1. Semantic Sketch Features: Understanding Abstract Sketches via Segmentation-trained CLIP

To address the "VAE/CNN encoders fail to understand sketch semantics" issue, the authors reuse a pre-trained CLIP-style sketch encoder (Bourouis et al., 2024). This encoder was originally trained on FS-COCO hand-drawn sketches for open-vocabulary semantic segmentation, naturally capturing spatial semantics of "which pixels belong to which object." Since direct use of segmentation features lacks fine-grained detail, the authors fine-tune its last three layers. This maintains a semantically separable latent space while recovering enough visual detail to significantly improve alignment between the generated image and input sketch. This serves as the "semantic source" for both modulation and attention supervision.

2. Modulation Network: Noise Modulation via Scale/Shift instead of Rigid Alignment

To resolve the contradiction where "forced pixel alignment destroys realism," the authors extend the noise modulation approach of Ham et al. (2023). They design a modulation network specifically for semantic sketch features. It receives semantic sketch features, the noisy latent \(z_t\), and the text-conditioned noise prediction \(\epsilon_\theta(\cdot)\), then outputs pixel-wise scale maps \(S_t \in \mathbb{R}^{H\times W\times 4}\) and shift maps \(B_t\).
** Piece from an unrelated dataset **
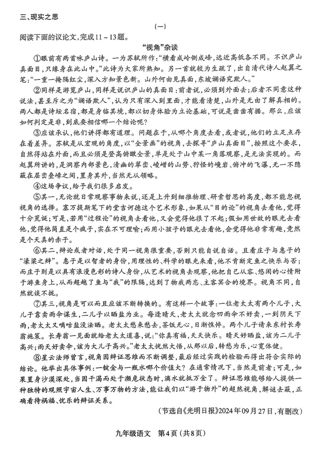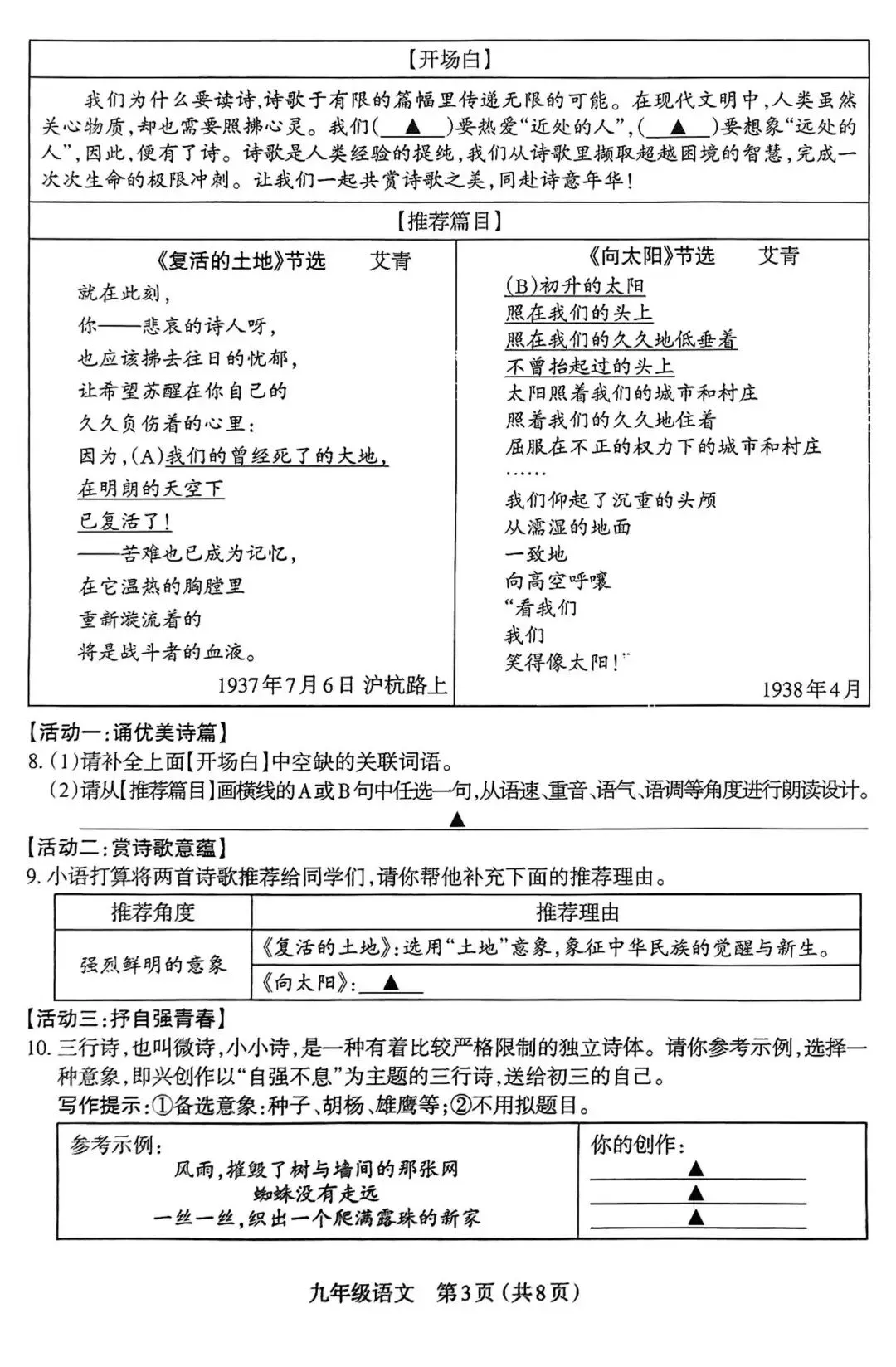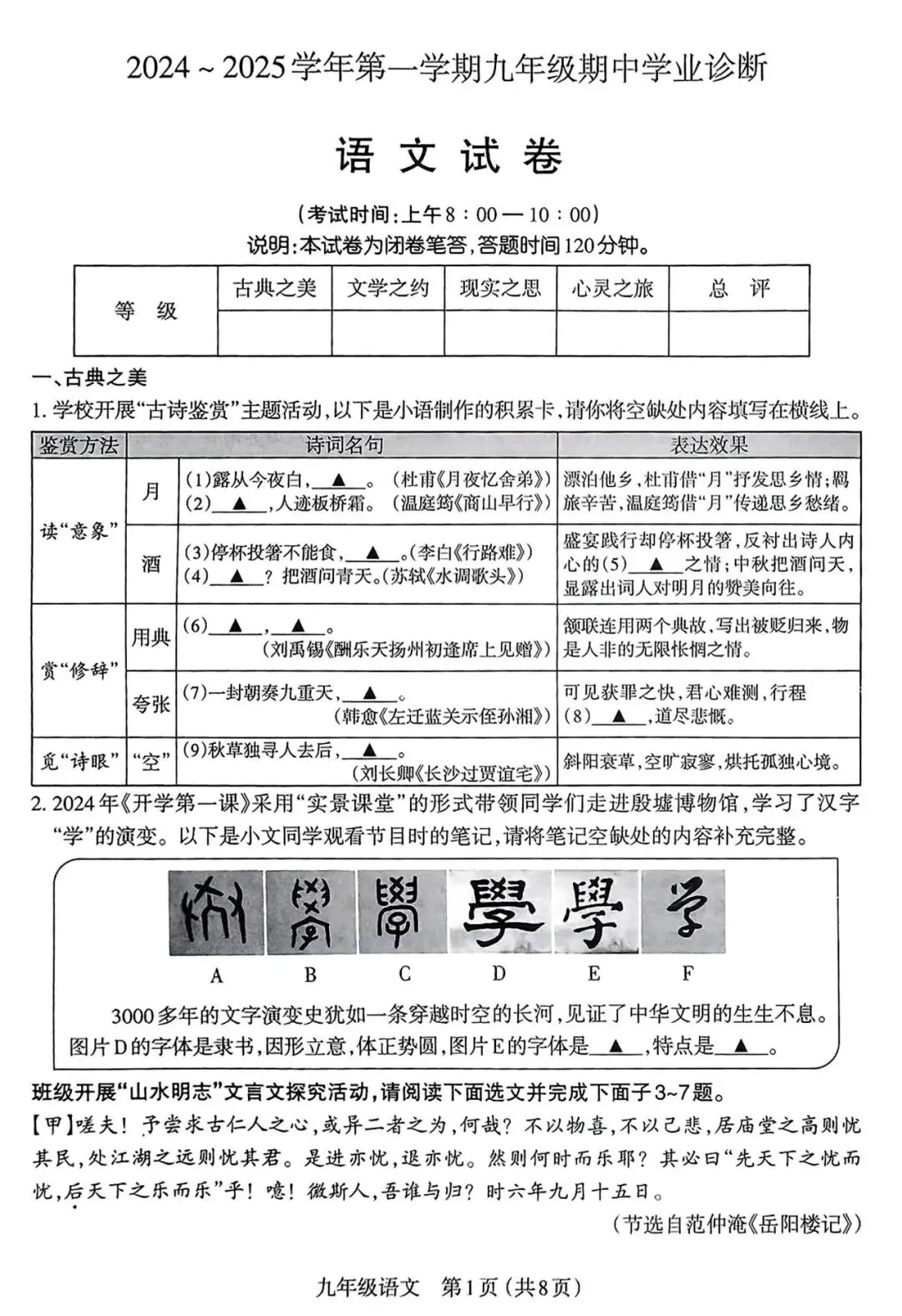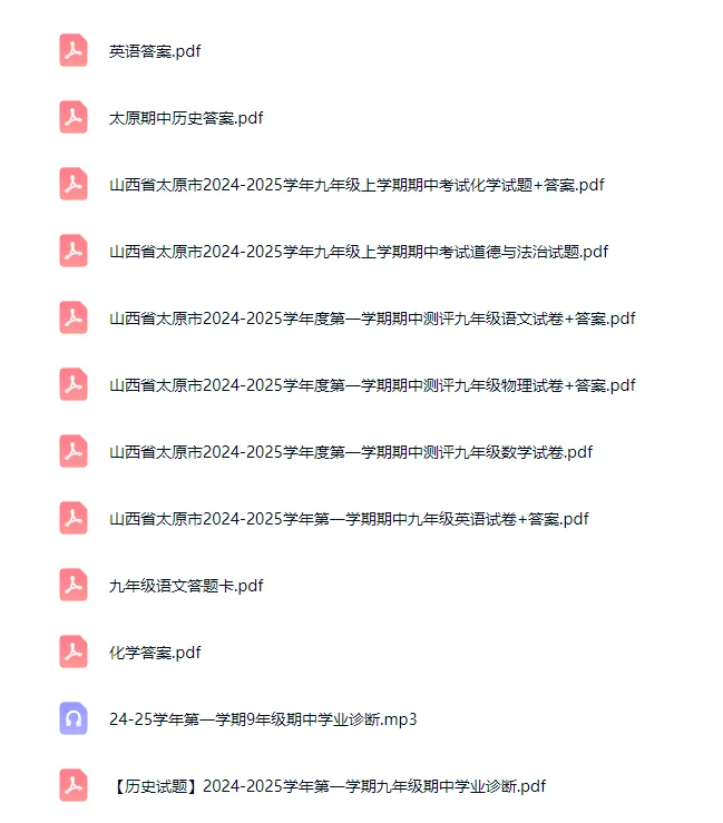 本次为大家准备了山西省太原市2024-2025学年度第一学期期中测评九年级语文试卷。以语文为例,以及配套的答案解析。供大家下载学习。

The noise is modulated as:

\[\epsilon'_\theta(z_t, t, c_\text{text}, c_\text{sketch}) = \epsilon_\theta \odot (1 + S_t) + B_t\]

The network is an encoder-decoder CNN: each modality (semantic features, \(z_t\), \(\epsilon_\theta\)) is projected into an embedding space via independent downsampling branches, concatenated, passed through timestamp-conditioned convolutions, and upsampled. Ablations show that independent downsampling branches are superior to simple concatenation as they better utilize sketch information. Because modulation "softly" scales and shifts noise rather than treating strokes as hard constraints, it respects sketch semantics while preserving the inherent realism of the diffusion model.

3. Attention Supervision Loss: Training Without Pixel-Aligned Ground Truth

This is the core loss proposed to solve the lack of pixel-aligned ground truth. Leveraging the spatial signals from the semantic encoder, the authors calculate pseudo-ground truth attention maps \(M_\text{grth}\) (binary masks derived from feature-text similarity thresholds for hand-drawn sketches; raw MS-COCO masks for synthetic sketches). During training, the denoised latent \(\hat z_0\) is estimated from the modulated noise \(\epsilon'_\theta\), and multiple cross-attention maps \(M\) are extracted to be supervised by \(M_\text{grth}\):

\[L_\text{attn} = \sum_{\gamma\in\Gamma}\sum_{i\in I}\sum_{b_i\in B}\left[\left(1-\frac{\sum_{p\sim b_i} M^{(\gamma)}_{pi}}{\sum_p M^{(\gamma)}_{pi}}\right)^2 - \lambda_\text{reg}\sum_{p\sim b_i} M^{(\gamma)}_{pi}\right]\]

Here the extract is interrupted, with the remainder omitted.